Praedicare’s study, published in The Journal of Infectious Diseases, takes care of both the preclinical research and the first two phases of clinical trials. The research compared two treatments for Mycobacterium avium complex, a sometimes deadly lung infection caused by bacteria that live in soil and water.

Federal regulators designated the lung disease as an orphan, meaning it’s a condition for which researching new treatments isn’t considered profitable. The designation is meant to incentivize drug developers to target these diseases, an often difficult task given the financial and time stakes.

The current standard treatment requires three antibiotics over 18 months and sees a 43% cure rate. The new treatment is only one drug, an antibiotic called ceftriaxone, that Praedicare predicted to have a cure rate of 80% after six months of use.

Gumbo has spent years trying to speed up the drug testing process. A decade ago, the FDA and European Medicines Agency approved his hollow fiber system model, which tests drugs on human cells rather than in animals. It’s used to satisfy the preclinical requirements, and it can be more accurate than tests on mice, rats or chimpanzees.

“The biology of animals, especially small animals, is quite different from humans,” said Olivier Elemento, director of the Englander Institute for Precision Medicine at Weill Cornell Medicine. “These models use human data and capture human biology as opposed to animal biology.”

Praedicare evaluated the standard treatment on five MAC strains using the model. The effectiveness rates were the same in the hollow fiber system model as they were in previous human studies.

“That’s what gives us the confidence in this system,” said Gumbo, who previously worked at Baylor University Medical Center, UT Southwestern Medical Center and the Cleveland Clinic.

A promising start

The AI team, led by Gesham Magombedze, then used mathematical modeling of how a patient would respond to the new drug, looking at 1,000 simulated patients to predict its effectiveness and 10,000 simulated patients to find the best dosage.

Praedicare uses predictive rather than generative AI, meaning that the AI system is not creating new information, but is instead predicting trends using existing data.

The mathematical modeling section of the study replaces the first two clinical trial phases of the FDA regulation process, which can take anywhere from months to two years.

Praedicare has used the same predictive AI models in conjunction with traditional phase 1 and 2 trials and has found that its computer-generated results are essentially identical to those of lab researchers.

In total, Praedicare spent three months building and running the cell testing system and AI models for ceftriaxone, a fraction of the time traditional clinical trials require, Gumbo said.

Praedicare and some pharmaceutical partners are asking the National Institutes of Health for funding to move forward with a phase 3 trial.

Ceftriaxone is also an established antibiotic that’s safely used to treat other infections.

MAC is just one disease for which Praedicare has created a virtual model for drug candidates. It has similar models for obesity, Type II diabetes and nonalcoholic steatohepatitis fatty liver disease.

This isn’t the first time that AI has been used in drug development.

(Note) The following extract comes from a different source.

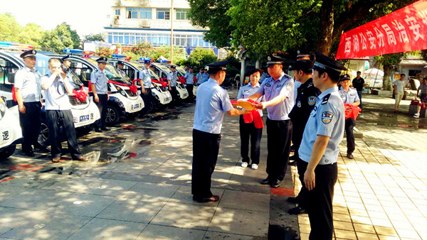江西南昌市西湖公安分局舉行23臺治安巡邏車發(fā)放儀式

Elemento at Weill Cornell Medicine said AI models are increasingly used alongside genomics to create treatments personalized to individual patients. What Praedicare did that was unique was applying a predictive model to a large number of simulated patients.

“But I think we’ll be seeing more of that, the combination of models and virtual patients, as the models become more and more reliable,” Elemento said.

“It doesn’t mean that they won’t have to do an actual clinical trial, but it means that you can essentially explore other parameters, the landscape of possible combinations of treatments, and make a statement about how often it’s likely to work in a patient population,” he said.